Question 6: What do you think the nuclear field needs right now?
More leadership of the kind offered by Ploughshares! We need to recognize the perverse impacts and incentives created by the existing funding systems for nuclear policy work, which lead to organizations competing for a limited pool of funding, and a highly restrictive definition of what counts as legitimate knowledge. We need to break down those systems by working collaboratively to build a movement that can increase the overall funding pool available and maximize the impact of the available funds.
I also think we need to further humanize the conversation by continuing the movement to re-center humans, not nuclear weapons, in our work for peace. We spend a lot of time stating our opposition to the nuclear weapons symbology, institutions, and policies that already exists, which is understandable given their perverse nature. But I think we could also do a better job of balancing that with the forward-looking work of imagining “what next,” so that we have a positive vision, a “North Star” (for those in the Northern Hemisphere; where I’m from in Aotearoa New Zealand, we have a constellation of six stars, the Southern Cross, that tells us where magnetic South is!) to shine a light on where we might go from here, and to attract people to it.
Question 7: What is the best book you’ve read recently?

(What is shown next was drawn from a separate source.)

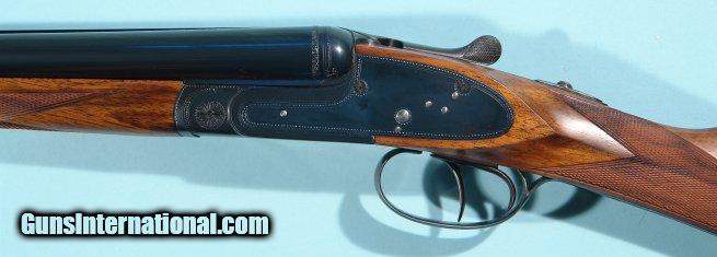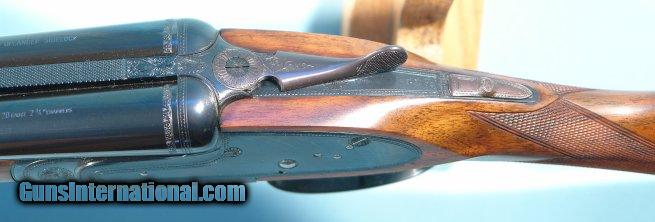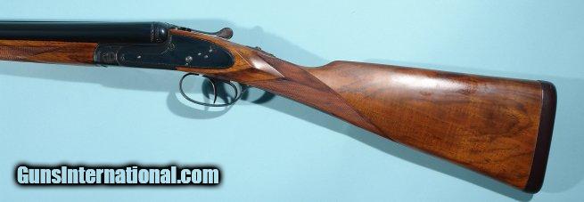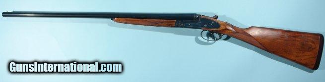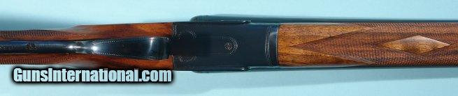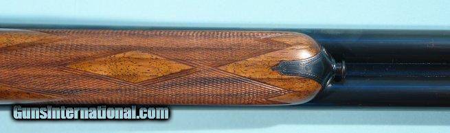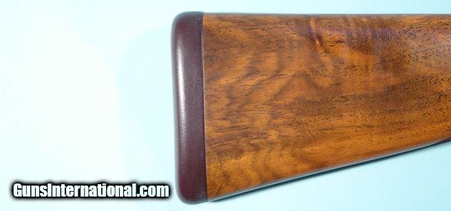 Description: ORVIS UPLANDER 20GA. SIDELOCK QUAIL STRAIGHT GRIP SHOTGUN BY ARIETTA. 25" solid rib barrels choked cylinder and skeet(just perfect for quail or upland game). Mint 100% original blue on barrels and unfired. Receiver same un-used condition with no signs of being fired. Straight english stock with 14 1/2" length of pull over leather covered pad. Crisp checkering appears un-handled. All screws unturned. Double triggers. Still has original packing grease on hinge pins and atumatic ejectors. Self opening. Ejectors very strong. Normal cast for right hander. Weighs 6 1/4 lbs. SOLD |

“Singing for our Supper: Walking an English Songline from Kent to Cornwall,” by Will Parsons. It’s the story of two young British men literally singing to feed themselves as they wander the old pilgrimage routes in England. Those routes are currently being “rediscovered”, after they were banned and largely forgotten following the destruction of the old religious orders in the 1530s, on the orders of Henry VIII. The book is a whimsical, poetic “on-the-road” story of wandering adventure, and a great respite from focusing on nuclear weapons in my work life!